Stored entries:
• • •

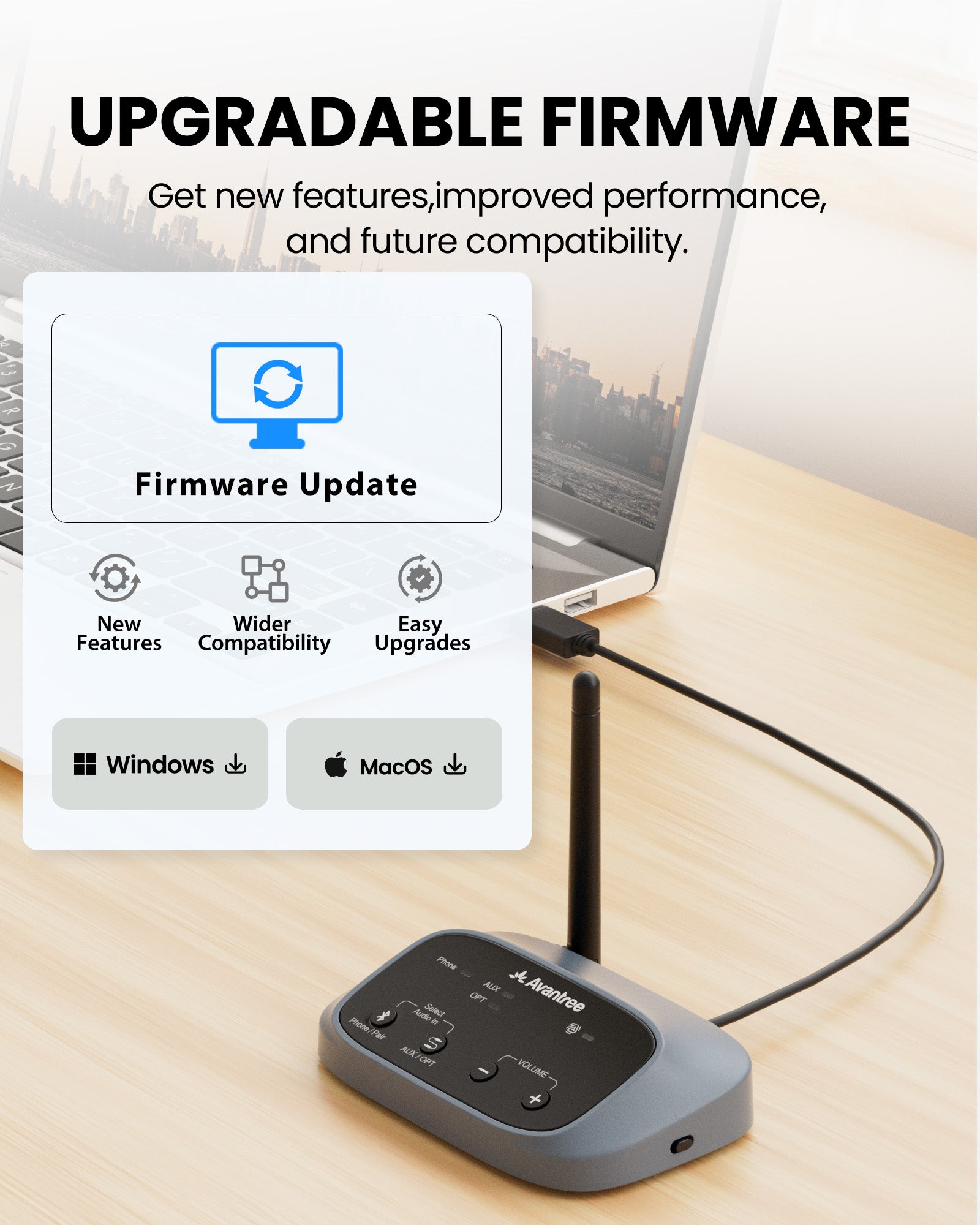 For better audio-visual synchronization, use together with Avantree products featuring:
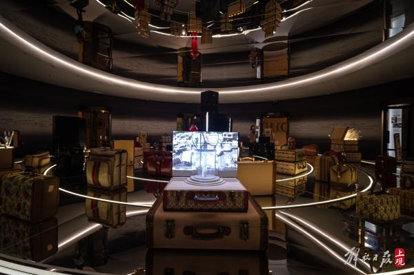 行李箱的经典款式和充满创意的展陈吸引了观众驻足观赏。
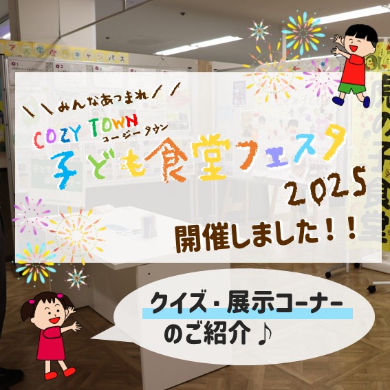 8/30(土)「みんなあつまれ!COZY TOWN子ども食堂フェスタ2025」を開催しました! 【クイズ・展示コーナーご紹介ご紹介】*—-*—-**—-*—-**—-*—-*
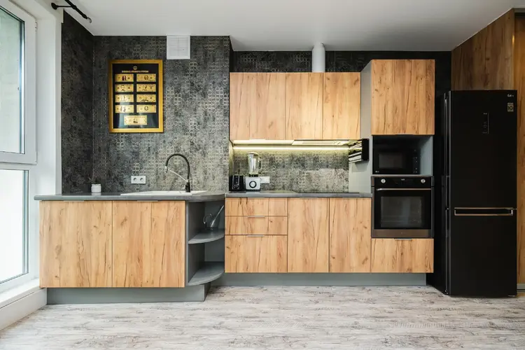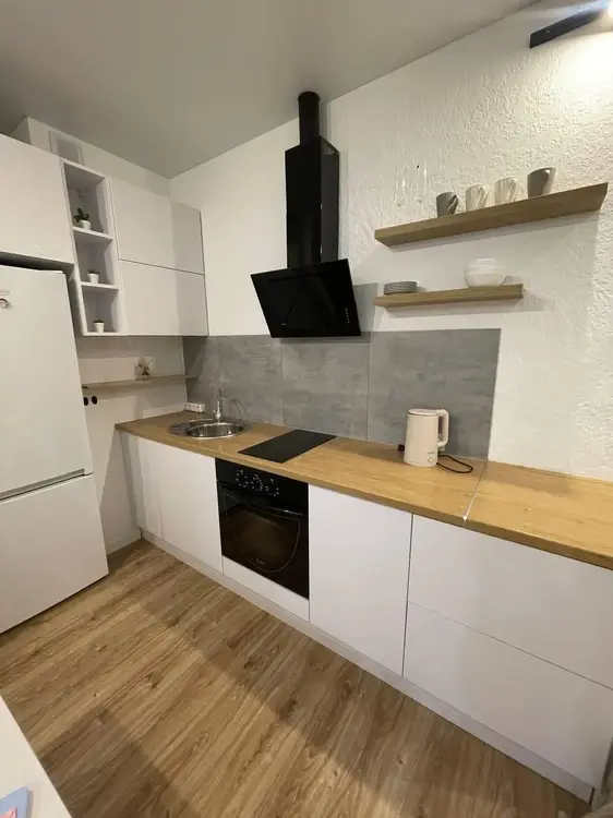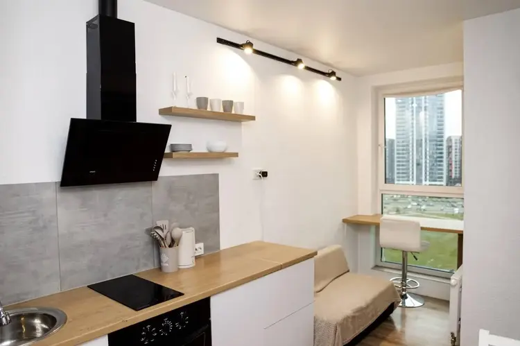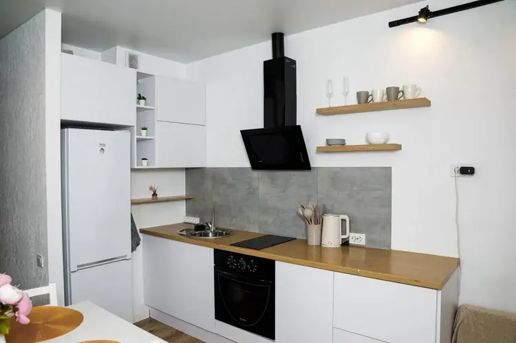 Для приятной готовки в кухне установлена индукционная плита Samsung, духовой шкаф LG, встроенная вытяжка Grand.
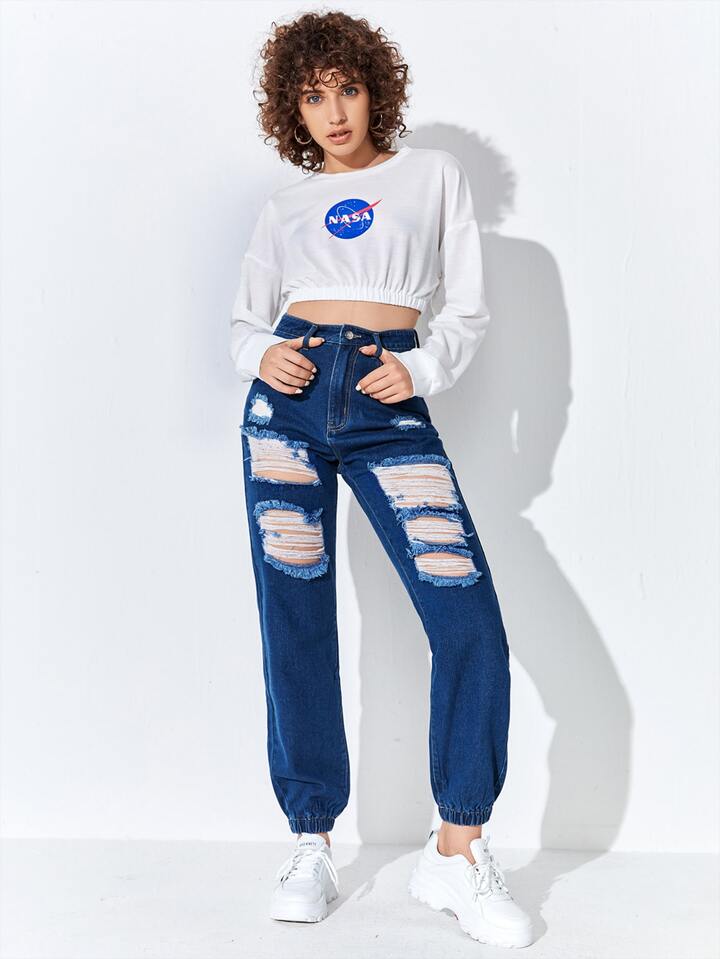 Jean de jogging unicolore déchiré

• • •

- WORK TO BE COMPLETED
Each line from the one containing "Для приятной готовки" through the last line of the entries above should be duplicated exactly, both included; leave out pictures and add nothing.

- OUTPUT FOR THIS TASK
 Для приятной готовки в кухне установлена индукционная плита Samsung, духовой шкаф LG, встроенная вытяжка Grand.
 Jean de jogging unicolore déchiré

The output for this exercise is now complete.